Power Supply Systems Using Synchronous and Asynchronized Generators with Predictive Controllers in the Context of Low Power Quality

Abstract

Distributed generation (DG) plants, when used in power supply systems, make it necessary to solve control problems for such systems for all possible operating conditions. The DG plants can employ low-power synchronous or asynchronized generators, which differ not only in design but also in automatic excitation control systems. The paper focuses on power systems with DG plants using synchronous and asynchronized turbine-generator sets; it also describes computer models of network components developed on the MatLab platform, including those of asynchronized generators with automatic voltage and speed regulation systems using a predictive control algorithm. The research aims to analyze the operating conditions of a power supply system with synchronous or induction generators equipped with automatic controllers and to find out the possibility of using predictive control algorithms for asynchronous generators.
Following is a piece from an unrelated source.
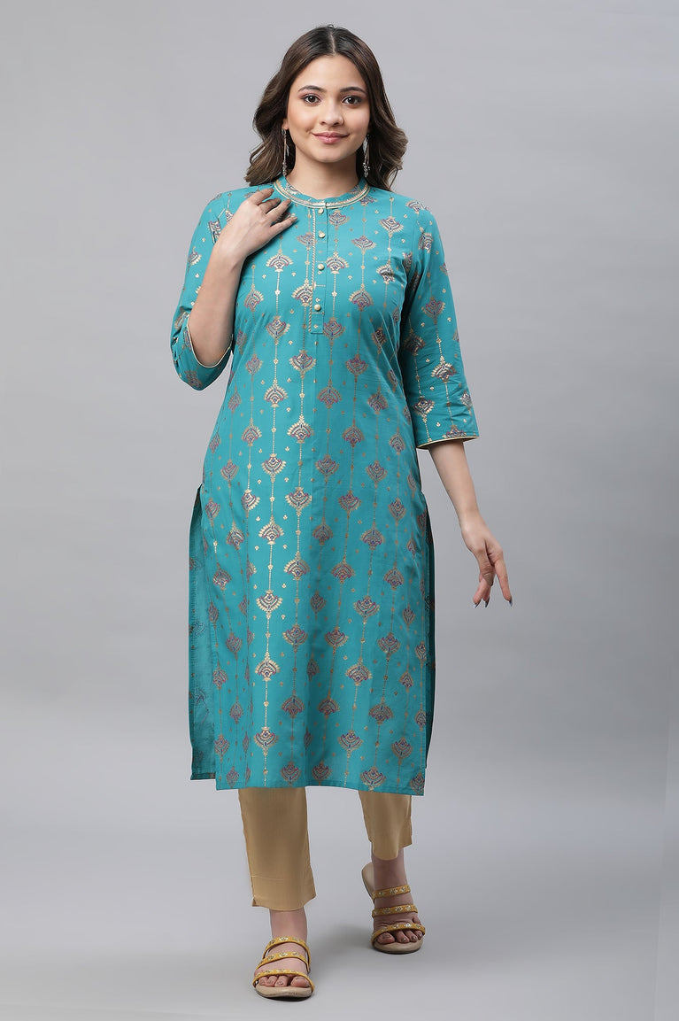 Blue Foil Ornamented Festive Kurta
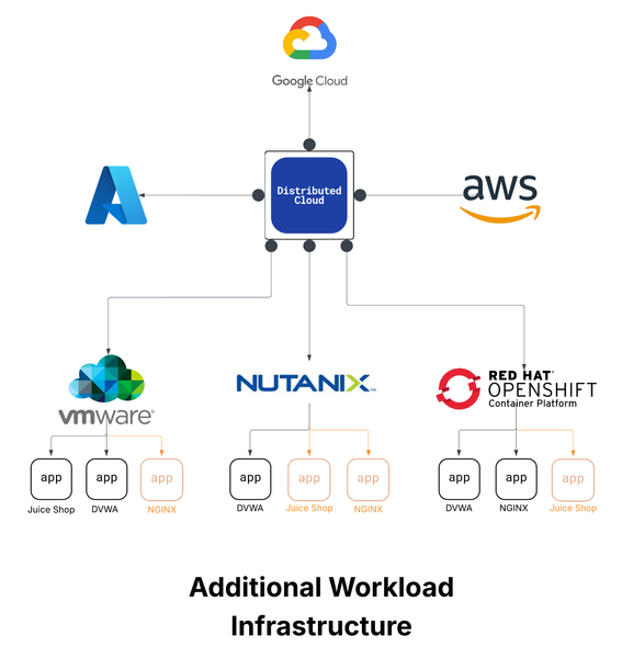 F5 Distributed Cloud supports continuous delivery and seamless security for additional workloads within existing infrastructure. We will introduce new workloads across all environments to validate and demonstrate this capability.

To this end, normal, emergency, and post-emergency conditions were simulated. A three-phase short circuit in the network and its tripping by relay protection were considered a disturbance. The obtained simulation results made it possible to formulate the following conclusions: the asynchronized generators, when used in DG plants, improve the power quality by reducing voltage harmonic distortions, and increasing stability margins; also, predictive controllers for synchronous and asynchronized generators improve the quality of control processes. Research on matching the settings of predictive controllers and developing self-tuning predictive speed and voltage controllers for asynchronous generators is advisable.